Easter biscuits are a traditional English biscuit that originates from the West Country (Devon & Cornwall) and is given as gifts on Easter Sunday. I used the recipe from April’s County Living Magazine and slightly deviates from the traditional ingredient list of flour, butter, egg yolk, baking powder, sugar and the main ingredients, currants. This version uses icing sugar instead of say caster sugar and is lightly spiced with mixed spice. A whole egg is used instead of just the yolk and a little water to bind it all together.

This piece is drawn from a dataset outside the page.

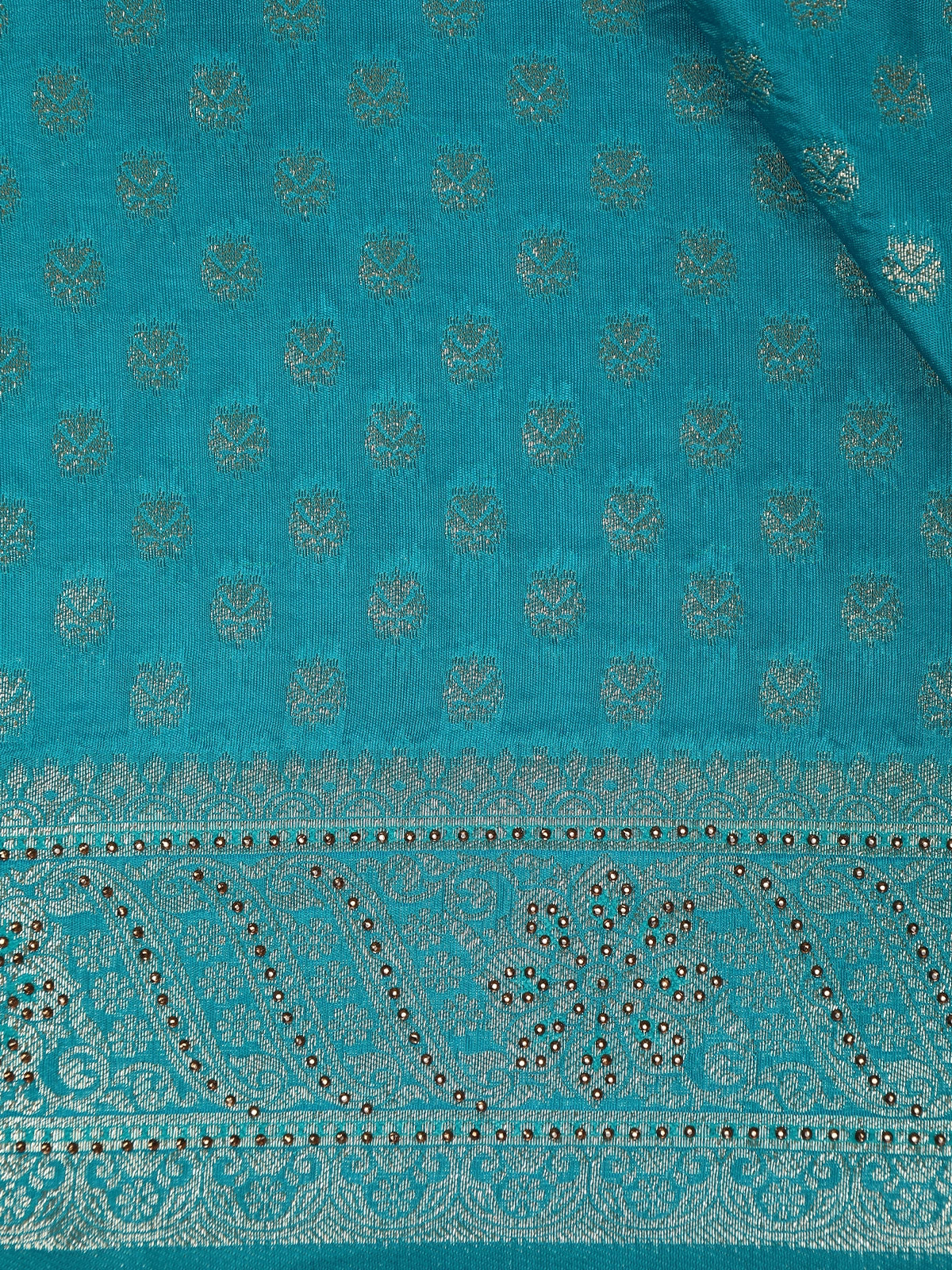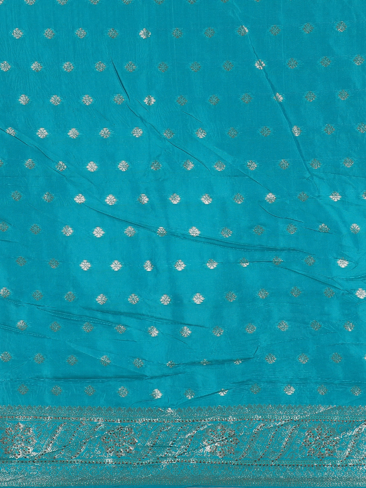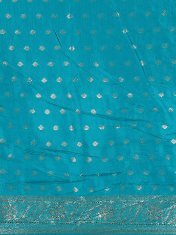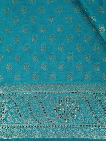 Unveil your festive charm with this Blue Semi Banarasi Silk Saree, a masterpiece that celebrates the beauty of Indian weaving traditions. The saree is adorned with delicate zari-woven floral motifs, lending a soft metallic shimmer that enhances its royal blue hue.

A touch of additional sweetness is added to the almost finished biscuits by sprinkling over a little caster before just before they go into the oven. These are delightful little biscuits with a slight crunch to the outside and a melting almost shortbread like texture.
Spring is a time for Celebration and these Easter biscuits are a lovely treat to enjoy over the Bank Holiday weekend.
Traditional current studded Easter Biscuits.
- 300 grams Plain flour
- 150 grams Icing sugar
- 1 tsp Mixed spice
- 175 grams Unsalted butter cold and cubed
- 1 large Egg mixed with 2 tbsp cold water
- 125 grams Currants
- Caster sugar for sprinkling
1. Place the flour, icing sugar, mixed spice and unsalted butter in a food processor and blitz until the mixture resembled bread crumbs. With the motor still running slowly add the whisked egg and continue to blitz until solid clumps form.
2. Turn out on a lightly floured, clean, work surface and knead in the raisins. Shape into a disc and cover with clingfilm and refrigerate for 30 minutes. Pre-heat the oven to 160C and line 4 baking sheets with parchment paper.
3. Roll out the dough on a lightly floured work surface until 4mm thick and cut out circles using a 6 inch fluted cookie cutter. Place on the baking tray, spacing well apart and sprinkle with a dash of caster sugar.
4. Bake for 10-12 minutes and leave to cool on wire racks.
- Recipe adapted from April 2016 County Living Magazine, UK edition.
- These will last for up to 1 week in a cake tin with a tight-fitting lid.
- Keep in a cool, dry place away from direct sunlight.